[Collection entries]

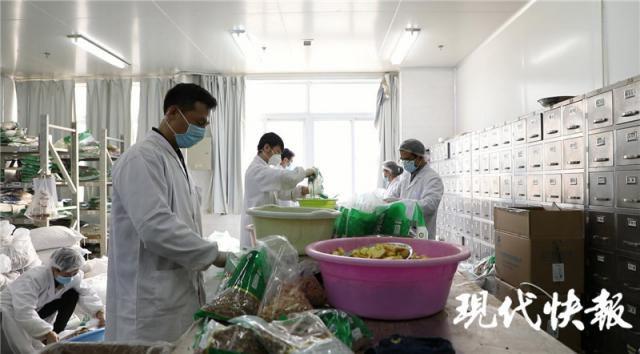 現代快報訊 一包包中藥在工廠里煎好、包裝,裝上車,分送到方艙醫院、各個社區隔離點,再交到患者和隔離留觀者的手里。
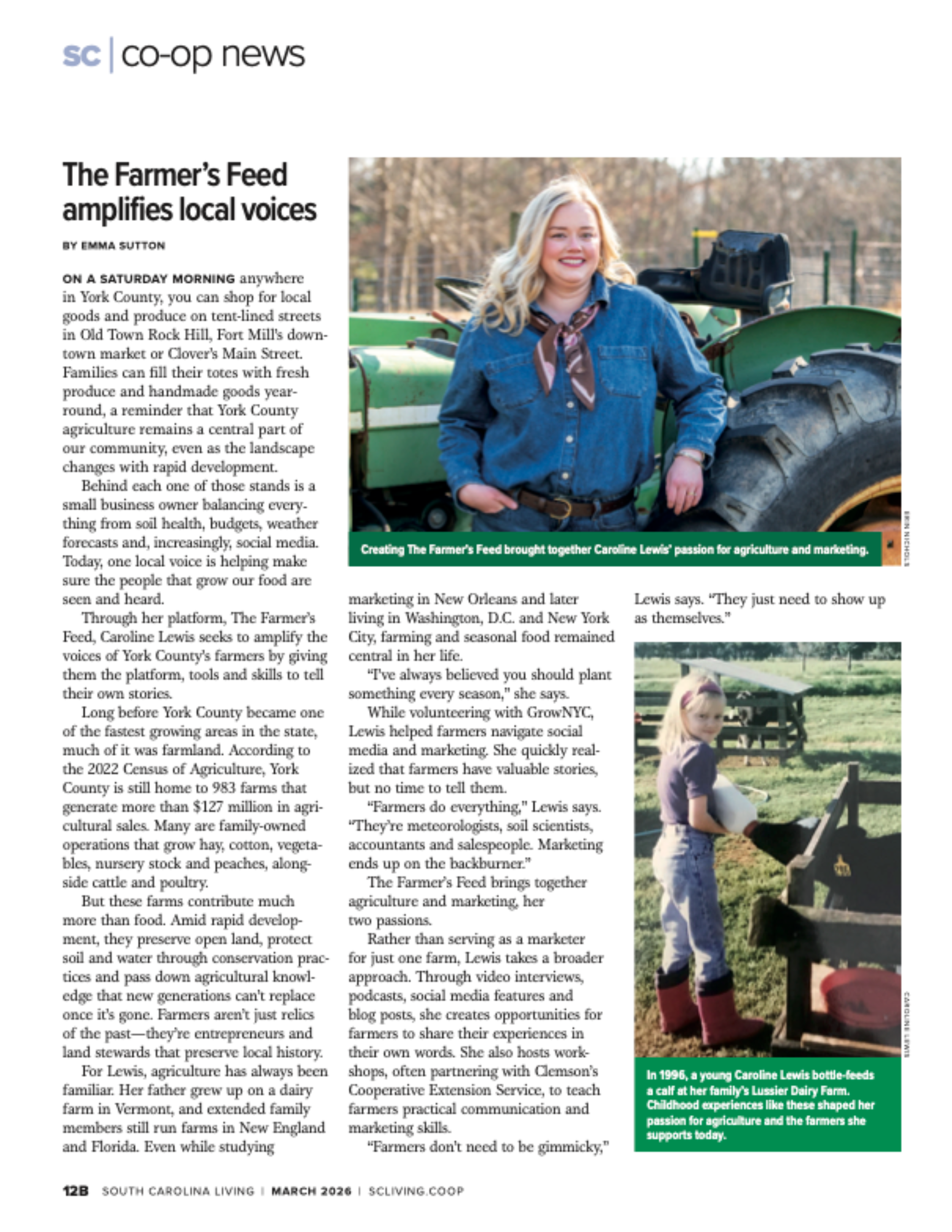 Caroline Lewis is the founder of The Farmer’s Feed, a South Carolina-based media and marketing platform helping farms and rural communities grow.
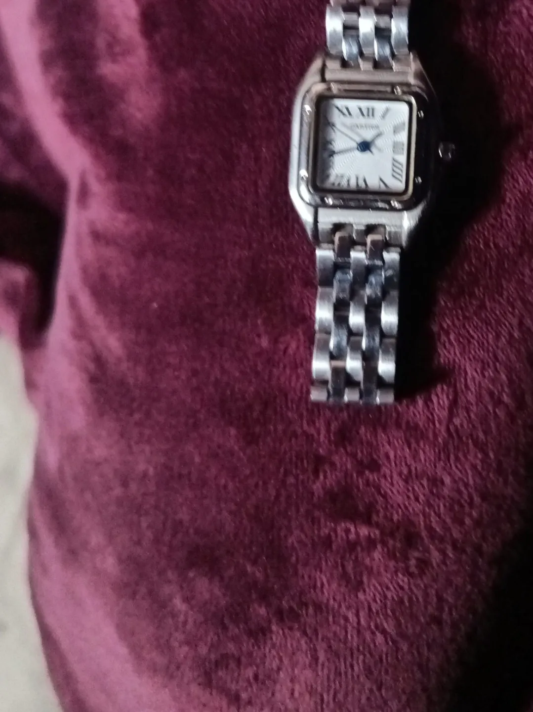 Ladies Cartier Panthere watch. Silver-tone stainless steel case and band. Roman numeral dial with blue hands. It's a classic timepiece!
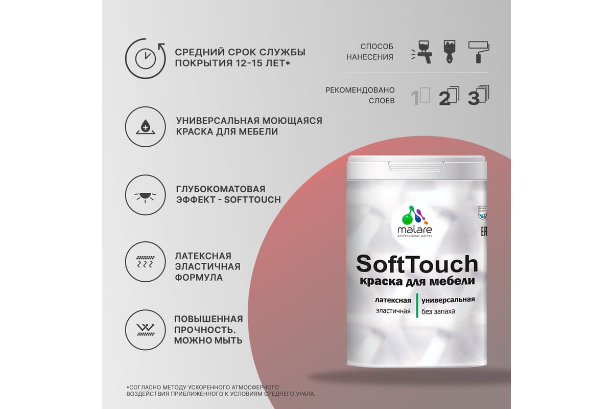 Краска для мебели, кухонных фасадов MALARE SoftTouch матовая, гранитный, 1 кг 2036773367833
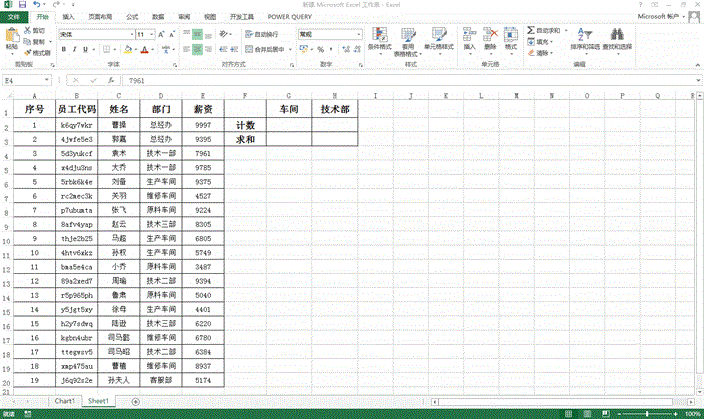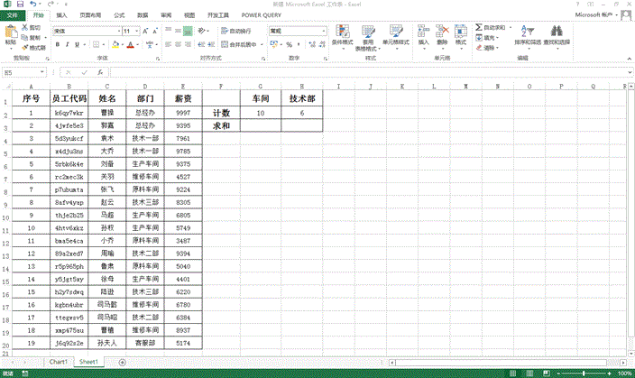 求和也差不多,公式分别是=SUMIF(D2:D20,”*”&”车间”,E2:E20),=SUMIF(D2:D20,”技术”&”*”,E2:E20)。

_EXERCISE_:
For the records above, give every line again exactly and skip the pictures.

_SOLUTION FOR THIS EXERCISE_:
 現代快報訊 一包包中藥在工廠里煎好、包裝,裝上車,分送到方艙醫院、各個社區隔離點,再交到患者和隔離留觀者的手里。
 Caroline Lewis is the founder of The Farmer’s Feed, a South Carolina-based media and marketing platform helping farms and rural communities grow.
 Ladies Cartier Panthere watch. Silver-tone stainless steel case and band. Roman numeral dial with blue hands. It's a classic timepiece!
 Краска для мебели, кухонных фасадов MALARE SoftTouch матовая, гранитный, 1 кг 2036773367833
 求和也差不多,公式分别是=SUMIF(D2:D20,”*”&”车间”,E2:E20),=SUMIF(D2:D20,”技术”&”*”,E2:E20)。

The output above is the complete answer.